> _Given data_
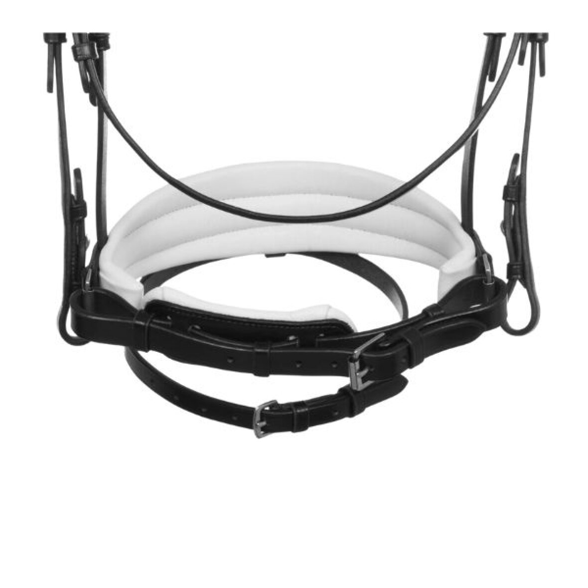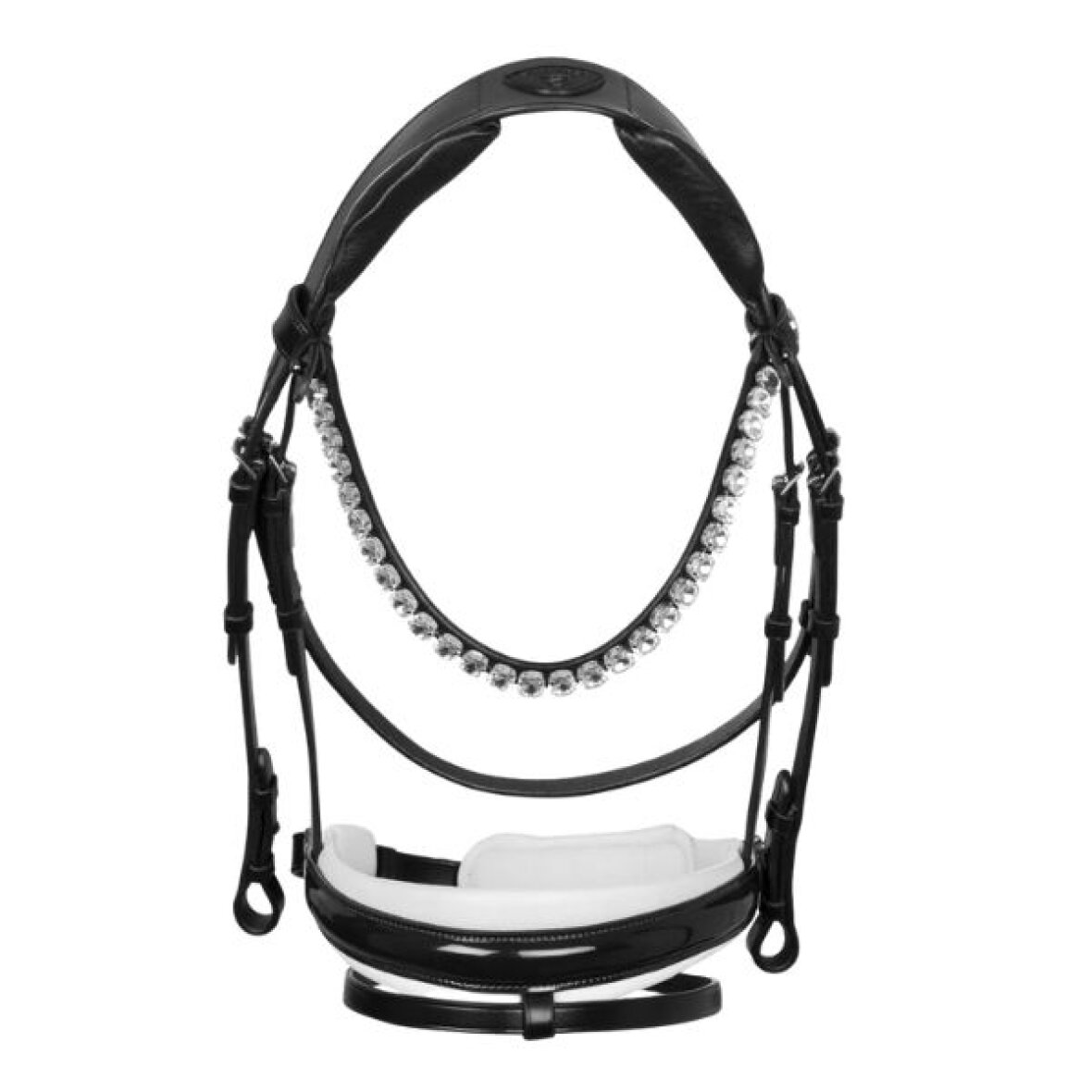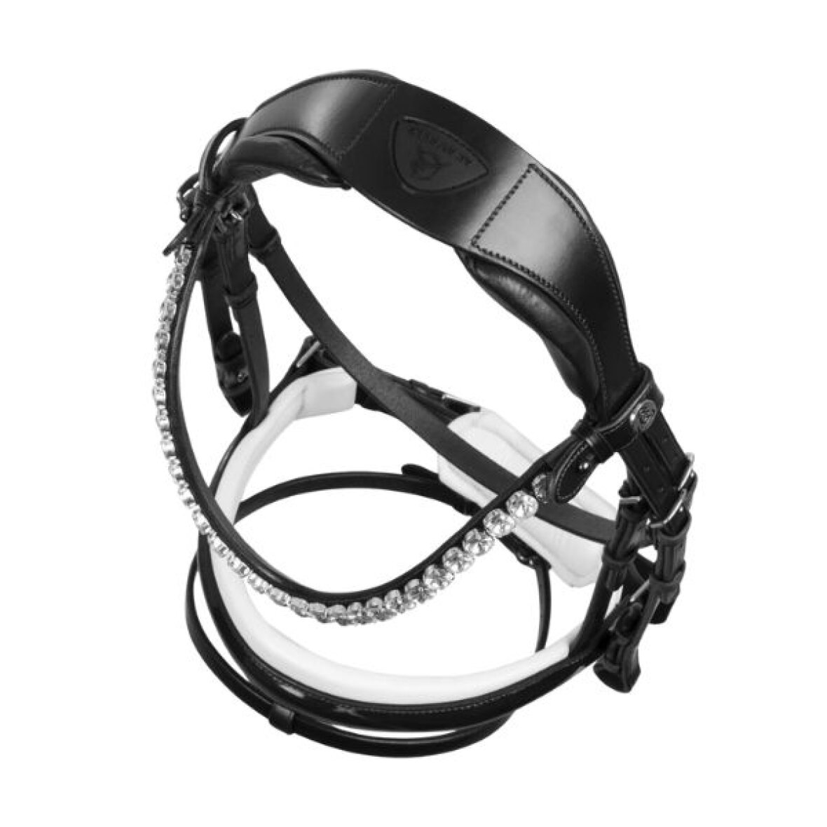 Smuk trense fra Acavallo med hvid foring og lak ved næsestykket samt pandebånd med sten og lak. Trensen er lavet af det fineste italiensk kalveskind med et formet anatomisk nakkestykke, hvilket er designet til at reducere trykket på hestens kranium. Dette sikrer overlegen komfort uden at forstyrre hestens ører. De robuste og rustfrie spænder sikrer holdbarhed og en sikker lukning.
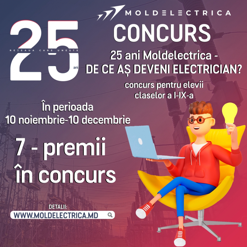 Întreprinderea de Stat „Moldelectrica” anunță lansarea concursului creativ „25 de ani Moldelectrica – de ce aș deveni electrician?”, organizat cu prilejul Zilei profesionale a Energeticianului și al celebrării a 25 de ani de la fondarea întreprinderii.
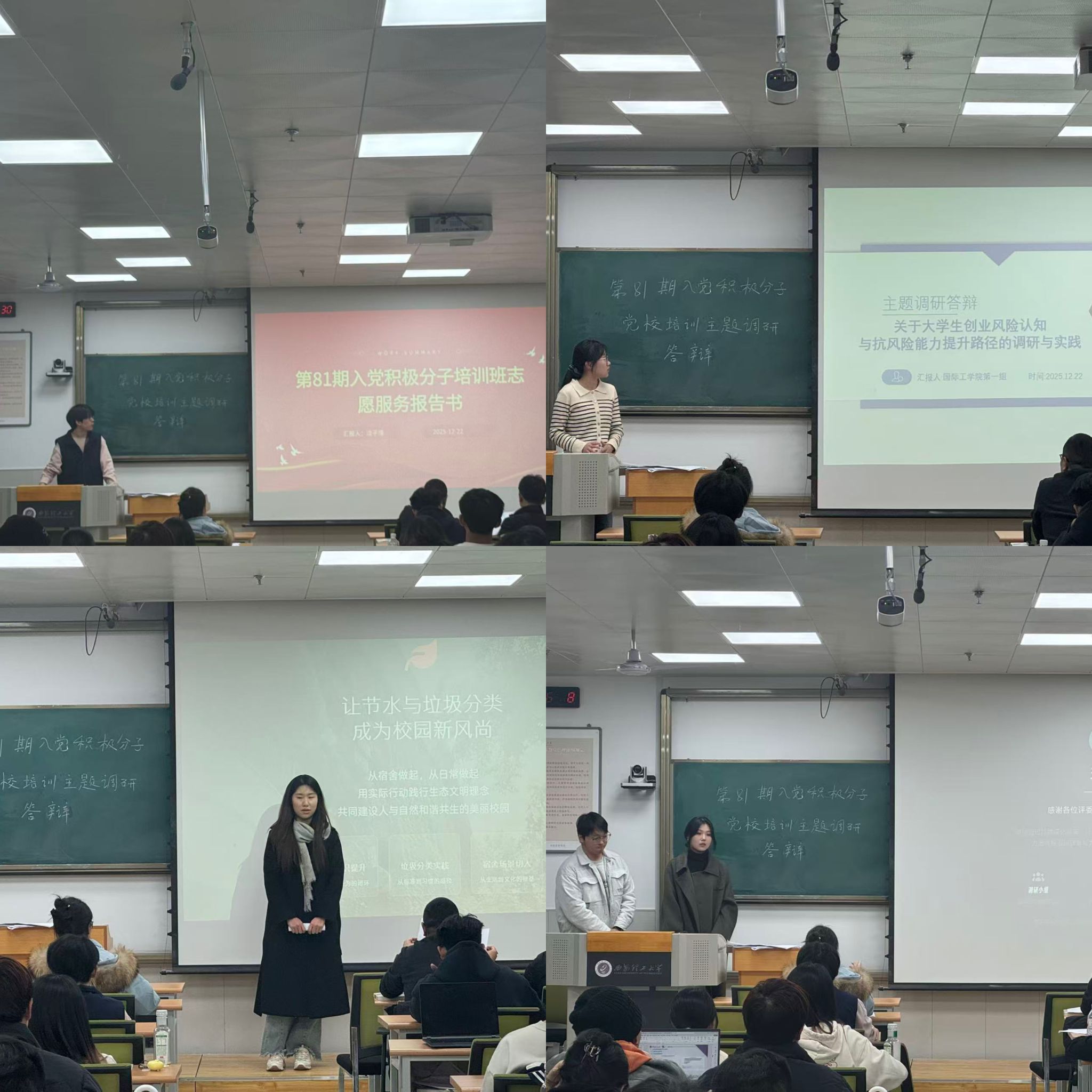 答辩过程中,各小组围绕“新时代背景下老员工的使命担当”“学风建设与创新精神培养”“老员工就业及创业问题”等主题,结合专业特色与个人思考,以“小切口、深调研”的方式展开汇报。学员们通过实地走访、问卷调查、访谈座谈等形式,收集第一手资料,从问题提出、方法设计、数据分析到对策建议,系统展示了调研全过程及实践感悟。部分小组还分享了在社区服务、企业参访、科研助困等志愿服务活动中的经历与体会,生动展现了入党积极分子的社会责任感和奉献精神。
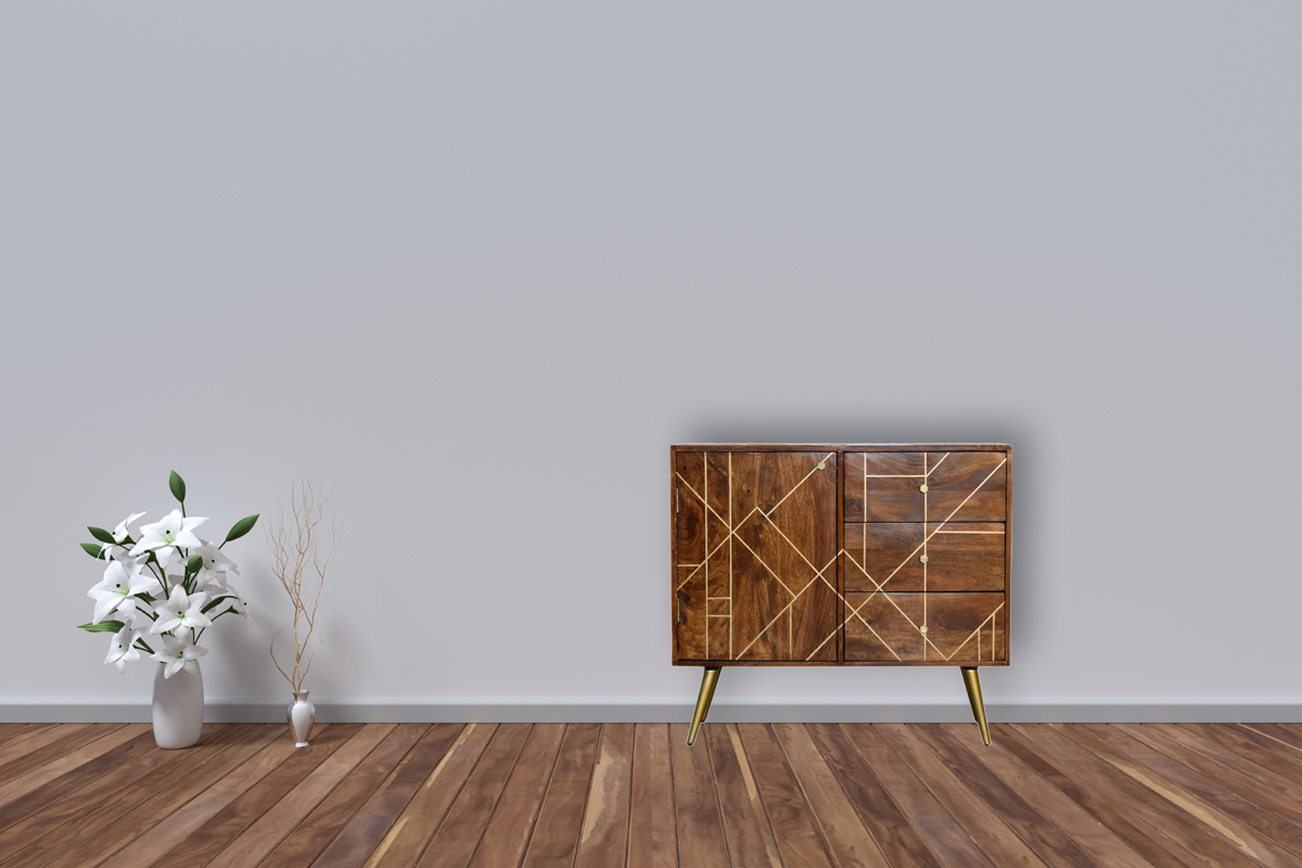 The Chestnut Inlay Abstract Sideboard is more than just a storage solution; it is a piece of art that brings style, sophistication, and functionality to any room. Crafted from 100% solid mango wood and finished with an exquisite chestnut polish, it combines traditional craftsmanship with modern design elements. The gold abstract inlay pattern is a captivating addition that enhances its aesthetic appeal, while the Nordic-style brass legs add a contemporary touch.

> _Instructions for the task_
Go from the first line of the data above to the line containing "Întreprinderea de Stat" and retype exactly those lines, both included, but none of the pictures.

> _Solution to the exercise_
 Smuk trense fra Acavallo med hvid foring og lak ved næsestykket samt pandebånd med sten og lak. Trensen er lavet af det fineste italiensk kalveskind med et formet anatomisk nakkestykke, hvilket er designet til at reducere trykket på hestens kranium. Dette sikrer overlegen komfort uden at forstyrre hestens ører. De robuste og rustfrie spænder sikrer holdbarhed og en sikker lukning.
 Întreprinderea de Stat „Moldelectrica” anunță lansarea concursului creativ „25 de ani Moldelectrica – de ce aș deveni electrician?”, organizat cu prilejul Zilei profesionale a Energeticianului și al celebrării a 25 de ani de la fondarea întreprinderii.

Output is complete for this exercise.